Each line from the one containing "キャベツを手でちぎっています" through the final line below must be reproduced exactly, and no others.

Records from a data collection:
════
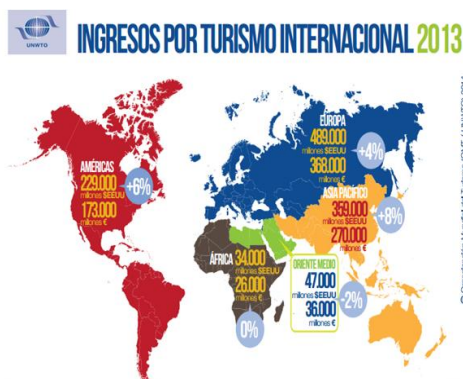
Figura 1: Chegadas com pernoitas no local de destino no turismo internacional em 2013
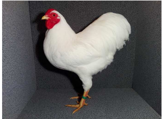
v 97 Enrico Berner

Die Frühjahrsversammlung ist am 29.3.2020 an gewohnter Stelle im Reichenbacher Vereinsheim. Bitte beteiligt euch alle an der Gruppenschau, um eure Tiere mit anderen vergleichen zu können und Trends sowie Erfahrungen auszutauschen. Bei einer größeren Anzahl an Vergleichstieren lässt sich besser erkennen, wo man mit meiner Zucht steht, als wenn man nur als einzelner auf einer kleinen Schau ausstellt. Die Bewertung ist professioneller und aussagekräftiger als bei einer Allgemeinschau. Das Tier und die Bewertungsnote ist doch die Grundlage für jede Diskussion vor dem Käfig. Auch deshalb hat der Preisrichter eine besonders sensible Rolle in unserem System. Er hat den größten Einfluss, den geforderten Tier-Typ zu positionieren. Er sorgt aber ab und zu auch für Verunsicherung, indem er Dinge sieht, die der Züchter nicht so nachvollziehen kann. Speziell für nachrückende Züchter, die sich an der Gruppenschau oder Leipzig orientieren. Dennoch sollte sich jeder Züchter oder Preisrichter immer hinterfragen, ob er den richtigen Blickwinkel auf die Zucht hat. Daher nutzt die Chance so lange es noch eine Gruppenschau in unserer Nähe gibt. Werbt auch mit den sogenannten Vorteilen sich höheren Wettbewerben zu stellen und um Mitglieder zu gewinnen.
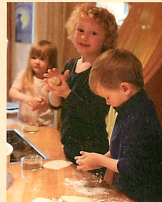
Brötchen fürs Frühstück formen
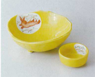
06409-076 1,400円 250701625 黄釉赤絵うさぎ三ツ足向付(140×137×50mm) 06410-076 720円 250701626 黄釉赤絵うさぎ丸干代口(62×30mm)
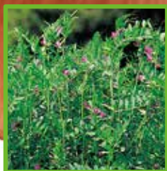
ガラスノエンドウ
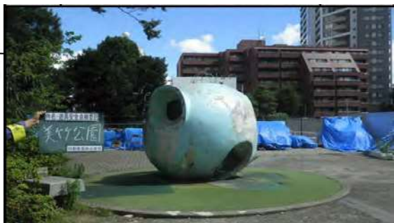
写真：球体遊具(公園施設)
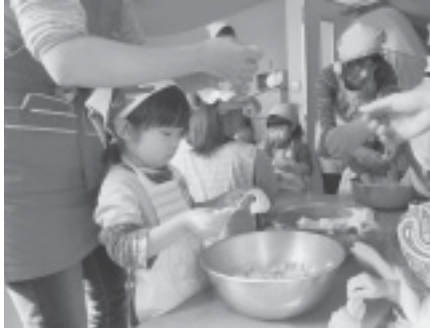
キャベツを手でちぎっています

子どもは何でも自分でやってみたいと思うもの。おうちの方が料理を楽しく作ってあげれば、やりたいという気持ちが芽生えていきます。それが食べ物や食べることへの興味を広げます。将来的には、自分で必要な食べ物を選び、調理することが当たり前になり、自分の生活を成り立たせていく、つまり生きる力を育てていきます。
════
## [Exercise response]
キャベツを手でちぎっています

子どもは何でも自分でやってみたいと思うもの。おうちの方が料理を楽しく作ってあげれば、やりたいという気持ちが芽生えていきます。それが食べ物や食べることへの興味を広げます。将来的には、自分で必要な食べ物を選び、調理することが当たり前になり、自分の生活を成り立たせていく、つまり生きる力を育てていきます。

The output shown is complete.